● Exercise brief
Transcribe the entries below exactly from their first line through the line containing "Coprosma 'Fire Burst'", and let no picture into the copy.

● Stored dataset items
§

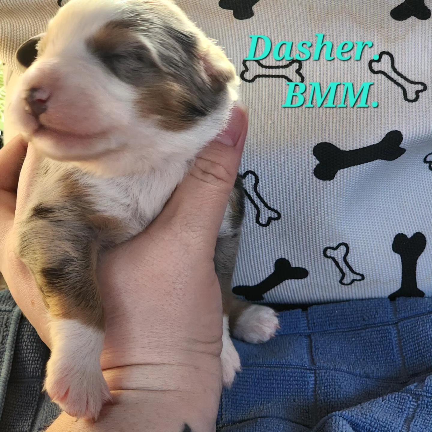 Our puppies include red merle, blue merle, black tri-color, and red tri-color. Colors will vary depending on the parent dogs.
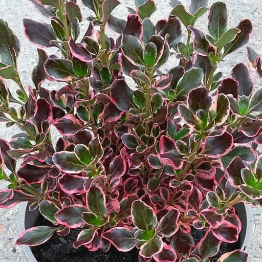 Coprosma 'Fire Burst' is a fiery and compact evergreen shrub that's sure to set your garden ablaze with colour. Its striking variegated leaves showcase vibrant shades of orange, red and yellow all year round, making it a true standout in any landscape. This low maintenance beauty thrives in well draining soil and prefers a sunny to partially shaded spot. Regular watering and mulching help maintain soil moisture, especially in hot climates. 'Fire Burst' requires minimal pruning to maintain its shape and vibrancy. Plant this dazzling shrub to infuse your outdoor space with a burst of colour and visual excitement that will endure throughout the seasons.
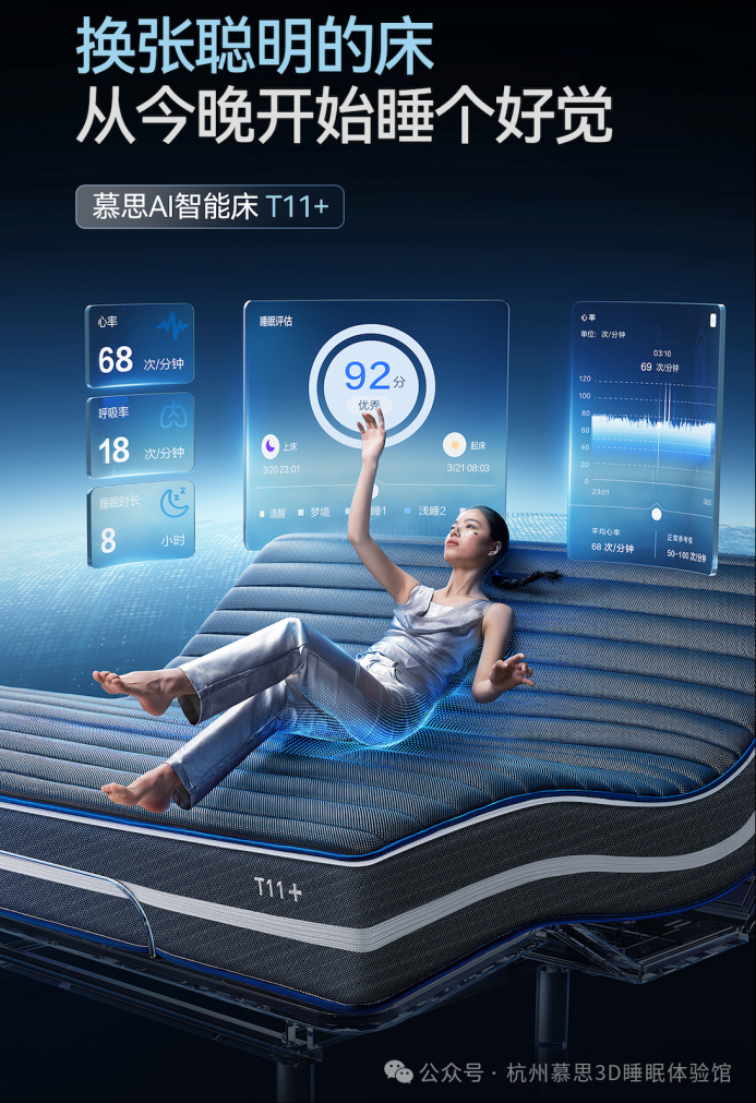 作为首款采用星闪技术的智能床,慕思T11+在操控体验上做到了极致。“拍一拍”:无线磁吸拍拍拍,可放在床垫预设位、床头柜或玩偶口袋里。拍一下,躺平模式;拍两下,一键哄睡;拍三下,零重力模式。场景还可以在APP上自定义。“喊一喊”:通过“小艺小艺”语音唤醒,即可用手机、音箱、智慧屏、车机等设备控制床垫。“点一点”:APP将床垫和电动床的操作合二为一,一个页面完成所有操控,减少跳转。“按一按”:极简设计的遥控器,微凹按钮触感,闭着眼睛也能盲操。让这张床真正融入日常生活的高频使用场景。用户每天都会和它产生情感连接,它不再是角落里落灰的“应急设备”,而是家庭生活的一部分。
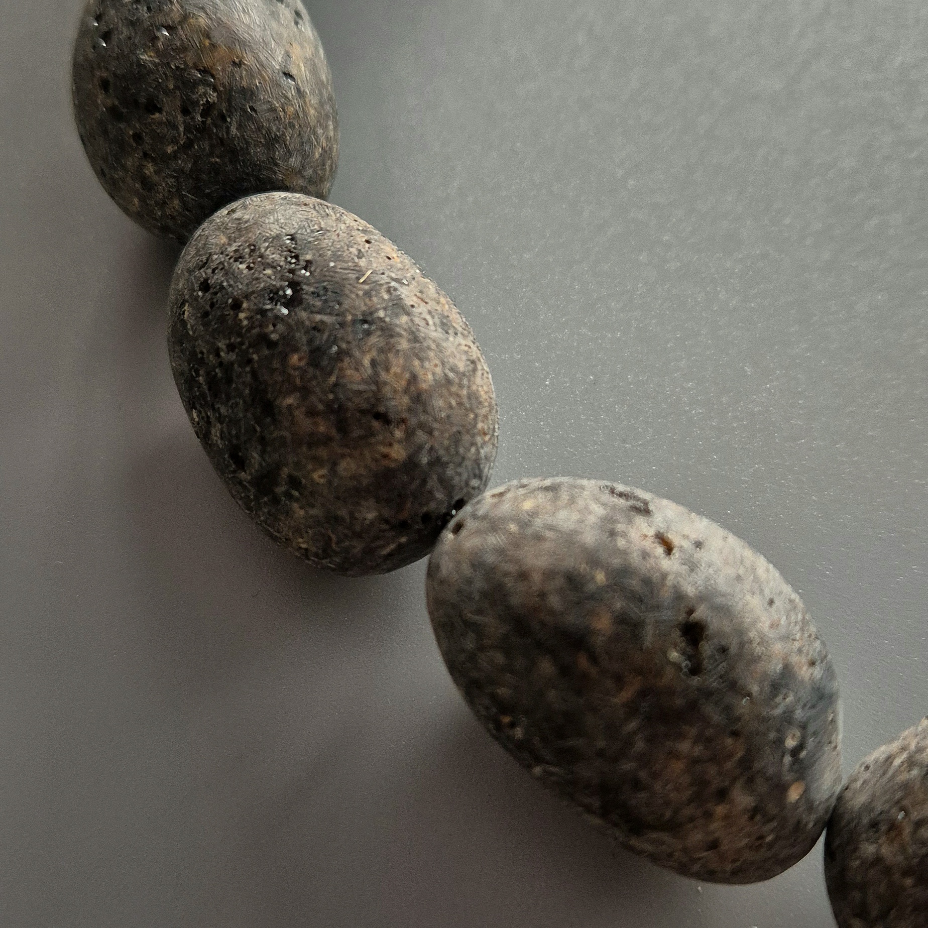 detale: masywne, organiczne formy kamieni, oksydowane srebrne zapięcie, spójna paleta barw,
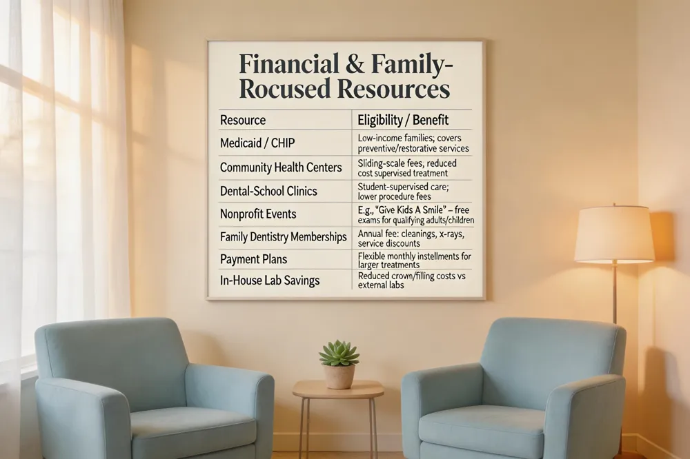 Family‑focused offices such as Tigani Family Dentistry add flexible payment plans, membership bundles for cleanings, and a lab that lowers crown and filling costs. Compared with specialty or solo practices, family offices spread overhead across all ages, resulting in lower per‑procedure fees.

§

● Your response
 Our puppies include red merle, blue merle, black tri-color, and red tri-color. Colors will vary depending on the parent dogs.
 Coprosma 'Fire Burst' is a fiery and compact evergreen shrub that's sure to set your garden ablaze with colour. Its striking variegated leaves showcase vibrant shades of orange, red and yellow all year round, making it a true standout in any landscape. This low maintenance beauty thrives in well draining soil and prefers a sunny to partially shaded spot. Regular watering and mulching help maintain soil moisture, especially in hot climates. 'Fire Burst' requires minimal pruning to maintain its shape and vibrancy. Plant this dazzling shrub to infuse your outdoor space with a burst of colour and visual excitement that will endure throughout the seasons.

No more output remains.